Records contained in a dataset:
------------------------------------------------------------------------

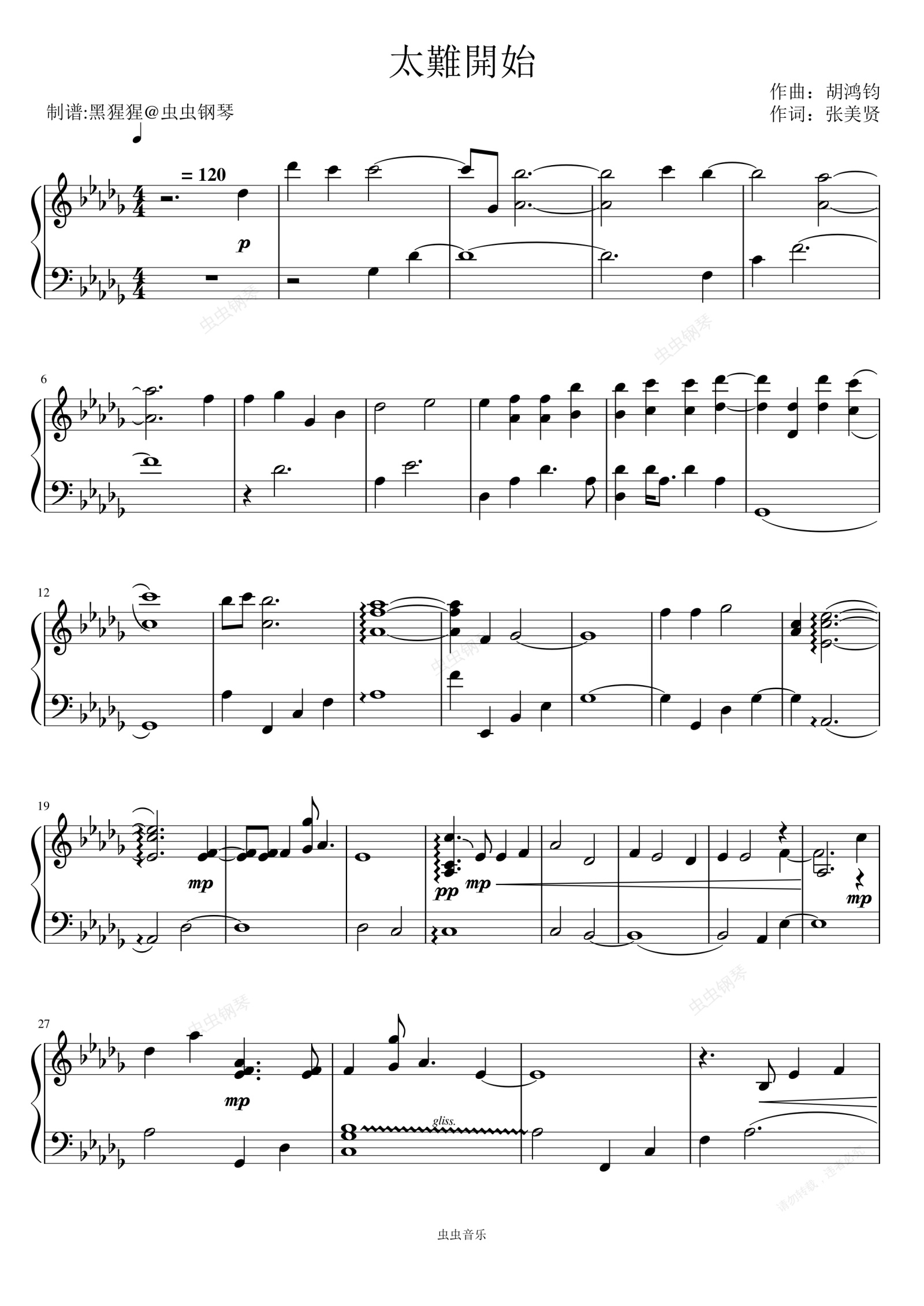 钢琴谱:胡鸿钧-Db调 《太难开始》
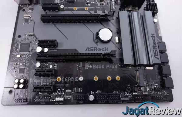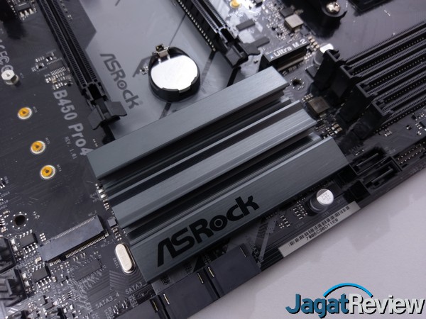 Untuk bagian chipset, ASRock B450 Pro4 ini menggunakan heatsink yang menurut kami cukup besar.
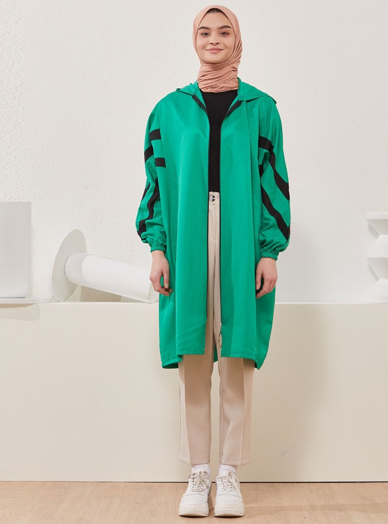 Tofisa Yeşil Kapüşonlu Fermuarlı Kap
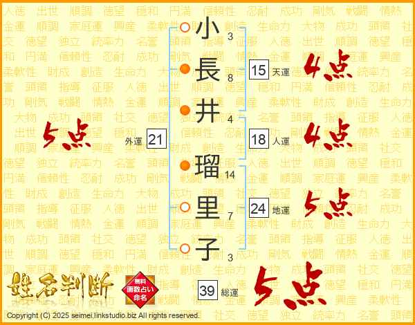 小(3画)長(8画)井(4画) 瑠(14画)里(7画)子(3画)
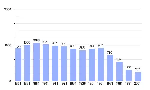 Gráfica de evolución demográfica de Paisco Loveno entre 1861 y 2001 |
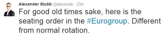 Ο υπουργός Οικονομικών της Φινλανδίας Άλεξ Στουμπ αποκάλυψε μέσα από το λογαριασμό του στο twitter με ποια σειρά κάθονται οι υπουργοί Οικονομικών στο τραπέζι του κρίσιμου Eurogroup.
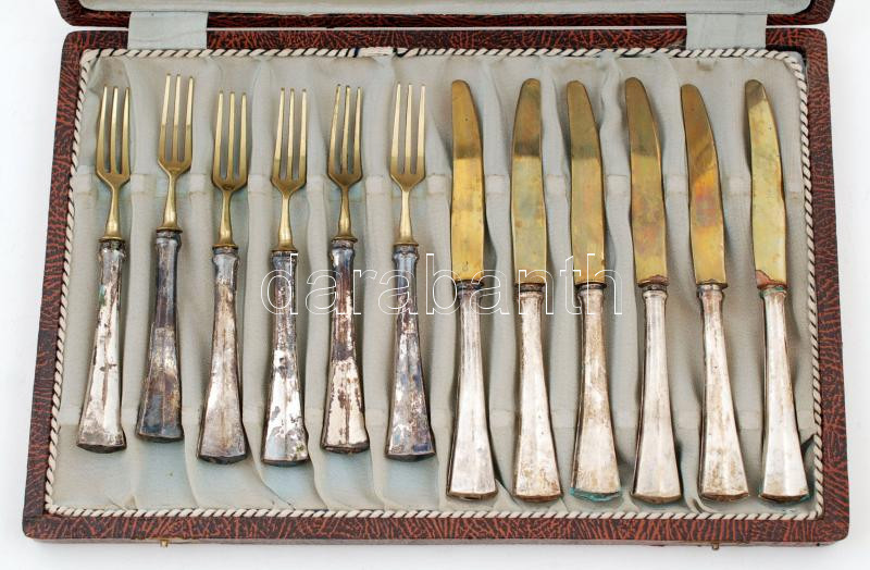 6 személyes ezüstnyelű (Ag) desszertes étkészlet, jelzett, br: 254 g https://www.darabanth.com/de/240-Fernauktion/240.0/Andere-Sammelgebiete/Juwelen~30026/6-szemelyes-ezustnyelu-Ag-desszertes-etkeszlet-jelzett-br-254-g~II1044828
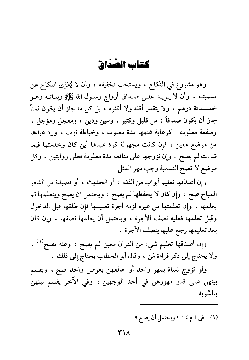 وهو مشروع في النكاح، ويستحب تخفيفه، وأن لا يُعَرَّى النكاح عن تسميته، وأن لا يزيد على صداق أزواج رسول الله - صلى الله عليه وسلم - وبناته وهو خمسمائة درهم، ولا يتقدر أقله ولا أكثره، بل كل ما جاز أن يكون ثمناً جاز أن يكون صداقاً: من قليل وكثير، وعين ودين، ومعجل ومؤجل، ومنفعة معلومة: كرعاية غنمها مدة معلومة، وخياطة ثوب، ورد عبدها من موضع معين، فإِن كانت مجهولة كرد عبدها أين كان وخدمتها فيما شاءت لم يصح. وإِن تزوجها على منافعه مدة معلومة فعلى روايتين، وكل موضع لا تصح التسمية وجب مهر المثل.
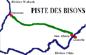La piste des bisons est également connue sous les noms de Vincennes Trace, Louisville Trace, Clarksville Trace, Old Indian Road.
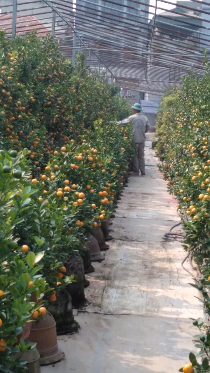 Le nombre de kumquats restants répond pourtant aux besoins des clients pendant le Têt. Les villageois sont occupés à transporter des kumquats aux acheteurs.
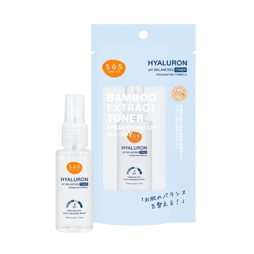 SoS Hyaluron pH Balancing Toner Mist (ADD SPRAY) Gentle to the sensitive skin. It helps to balance all skin that has lost moisture and pH level from cleansing. Reduces irritation, acne breakouts while adding oxygen to the skin immediately, the skin is moisturized, clean, soft and ready for the moisturizing step. SASA KURILENSIS WATER — bamboo water from Aomori Japan increases moisture, soothes skin, and reduces irritation. It also helps reduce acne-causing bacteria and oiliness on the skin and exfoliates the dead cells. Six essential minerals for the skin — help bring skin nutrients deeply absorb into the skin effectively. It also helps to add oxygen into the skin, which makes skin cells work better and repair themselves. It stimulates the collagen and elastin production process and fights free radicals. Skin looks firmer and smoother. — Hyaluron helps to retain water and increase moisture to the skin. Help reduce wrinkles and smoothen skin. — Beta Glucan — a moisture retention agent that works with sodium hyaluronate to help reduce irritation and inflammation. Strengthen skin and helps the exfoliation process while stimulating collagen and elastin production, reducing wrinkles, antioxidants, and healing acne. — Purslane — an antioxidant that helps protect the skin from UV rays, reduce irritation and inflammation, increase skin moisture and fight free radicals. Skin becomes more radiant, firmer, and smoother.Sos
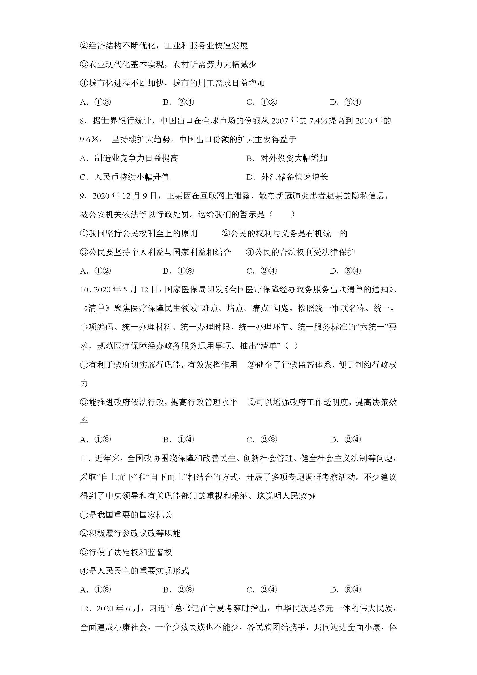 陕西省西安市铁一中学2023届高三上期末政治试题
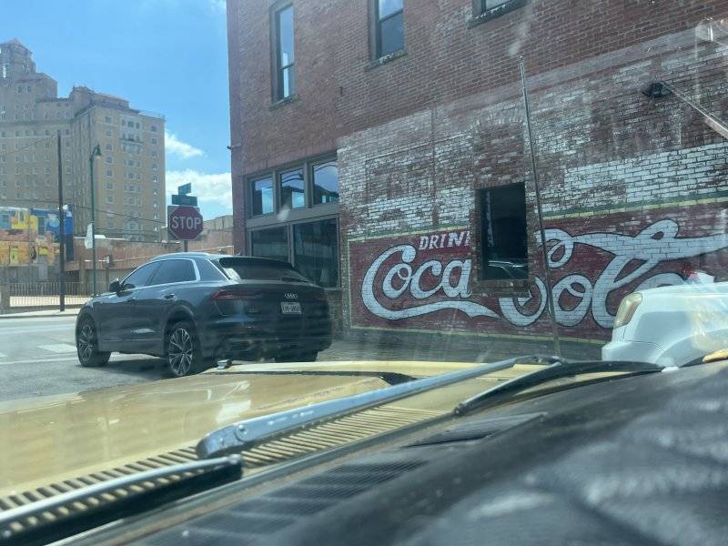 I go to an art show in Belleville Illinois. The buildings and the streets look like that. They block off the streets for blocks and the town center. I park in the back by a place that looks like where your car is parked. It's a Mexican joint that serves the best margaritas, by the pitcher. I've learned never drink a pitcher before you walk a few miles. Felt like 20 miles!! Pay attention now, I'm giving life lessons for free here!! LOL.I made enough of a contribution to hey-o, time for a little fun. We have great down town with some great little shops, one of them is a new butcher shop so I thought I’d stop by. This car is fantastic, and really a testament to a properly built hot rod. Cruise down the highway? Sure. Idle around town like a Honda civic but waaay cooler? Why not. Drop a gear and do awesome burnouts? Well even though it tootles around town like a Honda civic it is a muscle car after all
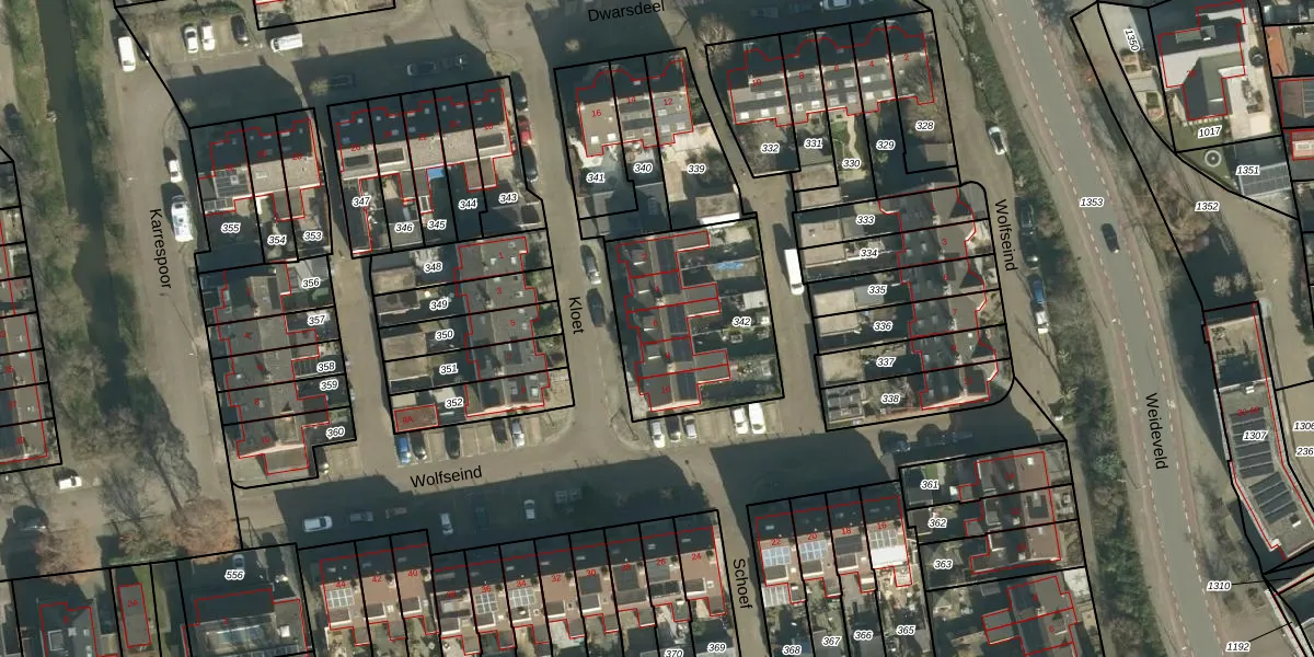 Het perceel waarop Kloet 6 staat heeft een oppervlakte van 645 m². Dit is een groot perceel. De perceeloppervlakte wordt geregistreerd door het Kadaster. Gedetailleerde informatie over de maten van dit perceel kunt u vinden in het rapport Kadastrale kaart met maatvoering van Kloet 6.
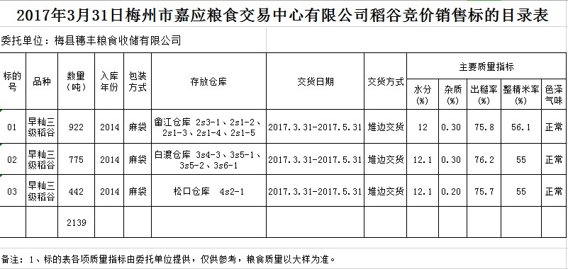 受客戶委托,梅州市嘉應(yīng)糧食交易中心有限公司定于2017331日舉辦糧食競(jìng)價(jià)交易會(huì),梅州市梅縣區(qū)穗豐糧食收儲(chǔ)有限公司擬銷售早秈三級(jí)稻谷2139噸。
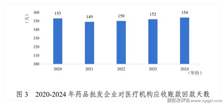 2024年,中国医药商业协会对31个省(自治区、直辖市)630家药品批发企业应收账款情况开展典型调查。数据显示,对医疗机构应收账款回款天数平均154天,较之2023年增加2天。
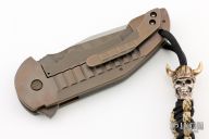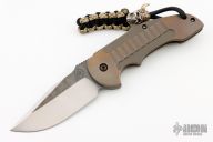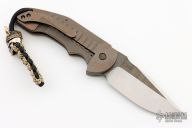 This Custom Crossfire framelock flipper by David Mosier features acid etched flats and satin bevel finish blade with false top edge, notched thumbrest and flipper. The handle has an anodized and milled titanium frame with matching tip up clip, G10 backspacer. Smooth flip action, strong lockup, nice blade seating and detent. Excellent condition. Comes with a zippered case and a brass and silver bead by "GD".
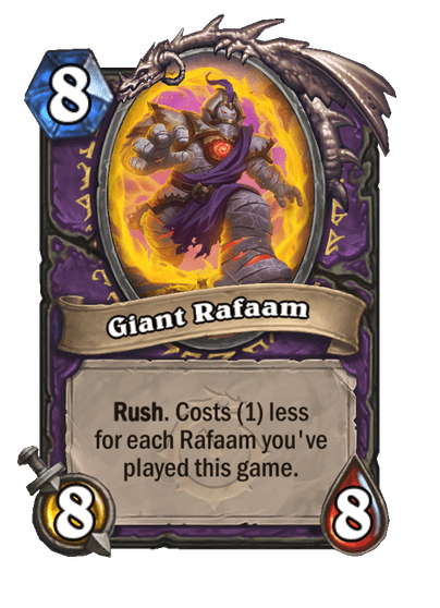 Rush. Costs (1) less for each Rafaam you've played this game.
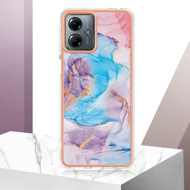 For Motorola Moto G14 Electroplating IMD TPU Phone Case(Blue Marble)
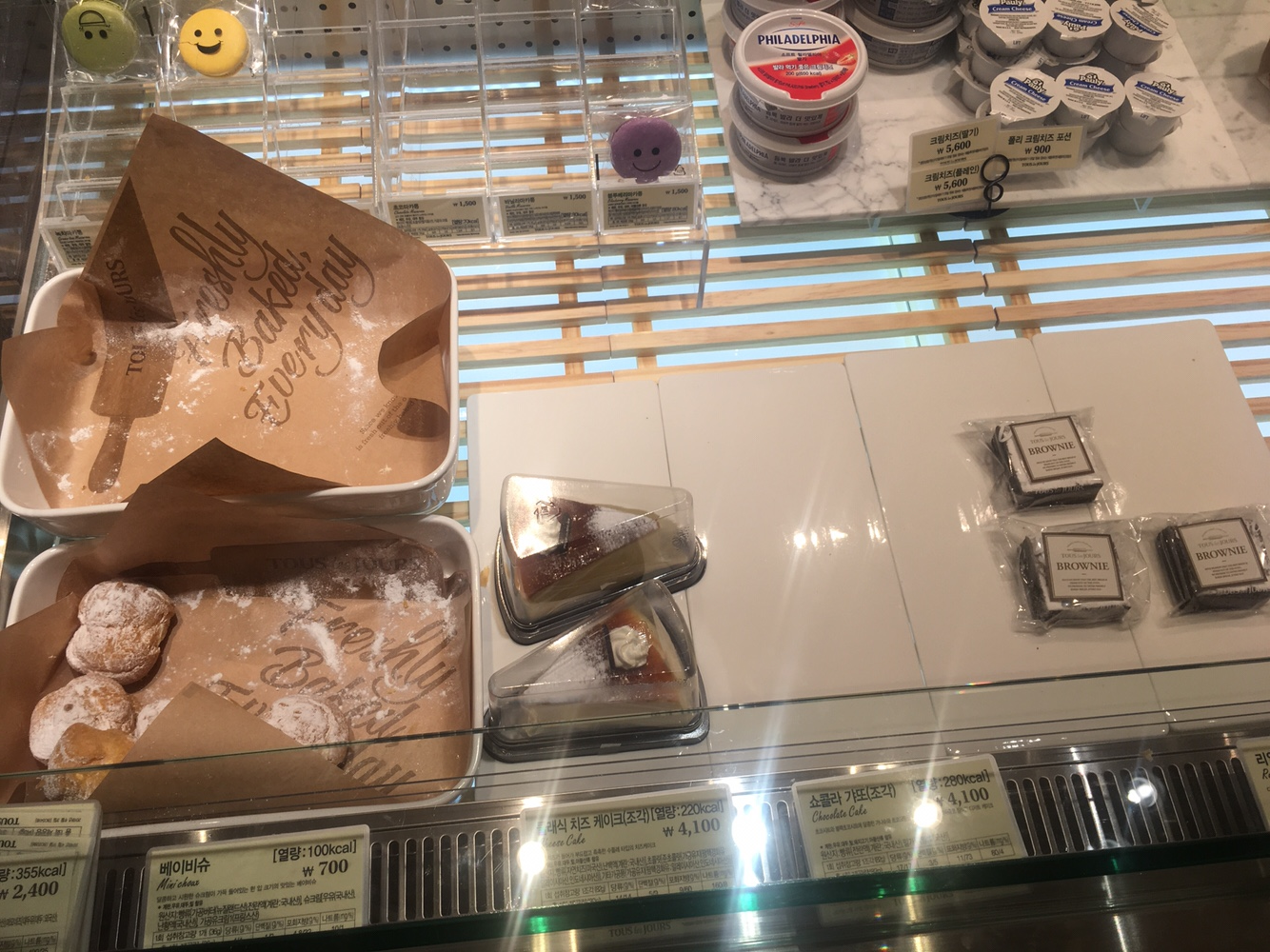 저 오른쪽에 초코브라우니가 물건이다. 뭐가 맛있는지 서치했을때 자주 걸리던 놈이길래 하나 담아왔는데, 와이프와 딸내미가 아주 맛있게 잘 먹었다. 물론 나도 먹어봤는데 초콜릿 맛이 진한게 아주 괜찮았다. 우유나 아메리카노랑 먹음 정말 맛있을 것 같다.

------------------------------------------------------------------------

* [TASK ITEM]:
Reproduce the entries exactly, from the line with "6 személyes ezüstnyelű" to the line with "Le nombre de", both lines included, keeping no pictures.

* [YOUR RESPONSE]:
 6 személyes ezüstnyelű (Ag) desszertes étkészlet, jelzett, br: 254 g https://www.darabanth.com/de/240-Fernauktion/240.0/Andere-Sammelgebiete/Juwelen~30026/6-szemelyes-ezustnyelu-Ag-desszertes-etkeszlet-jelzett-br-254-g~II1044828
 وهو مشروع في النكاح، ويستحب تخفيفه، وأن لا يُعَرَّى النكاح عن تسميته، وأن لا يزيد على صداق أزواج رسول الله - صلى الله عليه وسلم - وبناته وهو خمسمائة درهم، ولا يتقدر أقله ولا أكثره، بل كل ما جاز أن يكون ثمناً جاز أن يكون صداقاً: من قليل وكثير، وعين ودين، ومعجل ومؤجل، ومنفعة معلومة: كرعاية غنمها مدة معلومة، وخياطة ثوب، ورد عبدها من موضع معين، فإِن كانت مجهولة كرد عبدها أين كان وخدمتها فيما شاءت لم يصح. وإِن تزوجها على منافعه مدة معلومة فعلى روايتين، وكل موضع لا تصح التسمية وجب مهر المثل.
La piste des bisons est également connue sous les noms de Vincennes Trace, Louisville Trace, Clarksville Trace, Old Indian Road.
 Le nombre de kumquats restants répond pourtant aux besoins des clients pendant le Têt. Les villageois sont occupés à transporter des kumquats aux acheteurs.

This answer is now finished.